You may be confusing historical market returns with “sequence of returns” risk. Example: you retired in 2000 with a million $ in S&P 500. You need 50k a year to meet your bills and obligations. No big deal, right? That’s 5% a year. The problem is that there was two times that decade where the market sold off at or near 50%. But you’d still be drawing down 50k a year to survive. But now you’re selling shares that have lost 40-50% in value. Effectively selling low. So even when the market recovers (year later), you will be hard pressed to recover your losses. This is just a crude rudimentary example. Annuities allow older/retired folks to reduce market risk. I don’t care if the market is temporarily down 40-50% for a few years if my annuity is providing me a steady consistent stream of income.. with LESS risk.
I don’t own an annuity. I’m in my early fifties.. just don’t make sense for me, as inflation could ruin me if I live another 30 years. But in 15
-20 years, I will surely take risk off the table… AND convert a portion of my investments for less risky income.

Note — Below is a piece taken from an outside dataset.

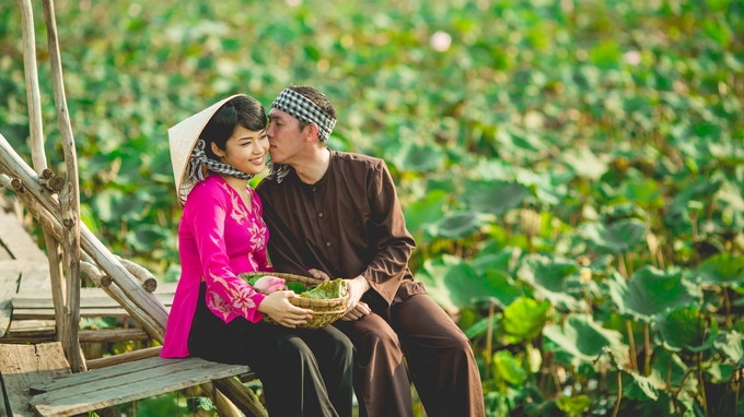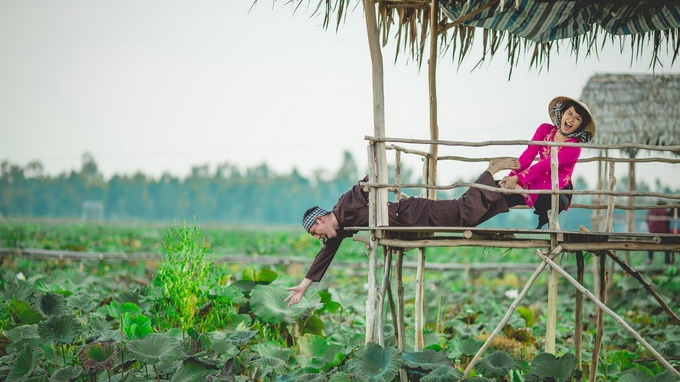 Và đây, mời bạn cùng ngắm nhìn nhìn đôi uyên ương Nhật Bản trông rất Việt Nam trên đồng lúa vàng, đồng sen thơm ngát rực thắm và trong trang phục cũng rất Việt Nam - khăn rằn và bộ quần áo bà ba. Bộ ảnh cưới của họ thật lộng lẫy không chỉ bởi thiên nhiên đồng quê Việt Nam đẹp rạng ngời, mà bởi cách thể hiện rất dung dị, rất đời thường của họ toát lên cái đẹp của hạnh phúc đơn sơ của đôi vợ chồng nhà quê vui cùng rổ khoai, bó sen, xuồng ba lá, thú vui câu cá...

I enjoy your videos, and just recently read your 6 annuity "owner manuals". Thanks for all the great info! I haven't found anything yet on how "rule of 55" works with annuities. I'm about to turn 50 and hoping to retire at 55. And using the "rule of 55" I can pull money out of my 401k at 55 with no early withdrawal penalties. At that point I was thinking to setup 2 annuities (SPIAs) one that would be a lifetime one and another that would be a kind of financial bridge from 55 until I can start taking social security at 62. Does "rule of 55" apply to those annuities so that there would be no early withdrawal penalties? Appreciate your insight!
Thank you! For me to give you an answer about your specific situation, please feel free to book a call with me!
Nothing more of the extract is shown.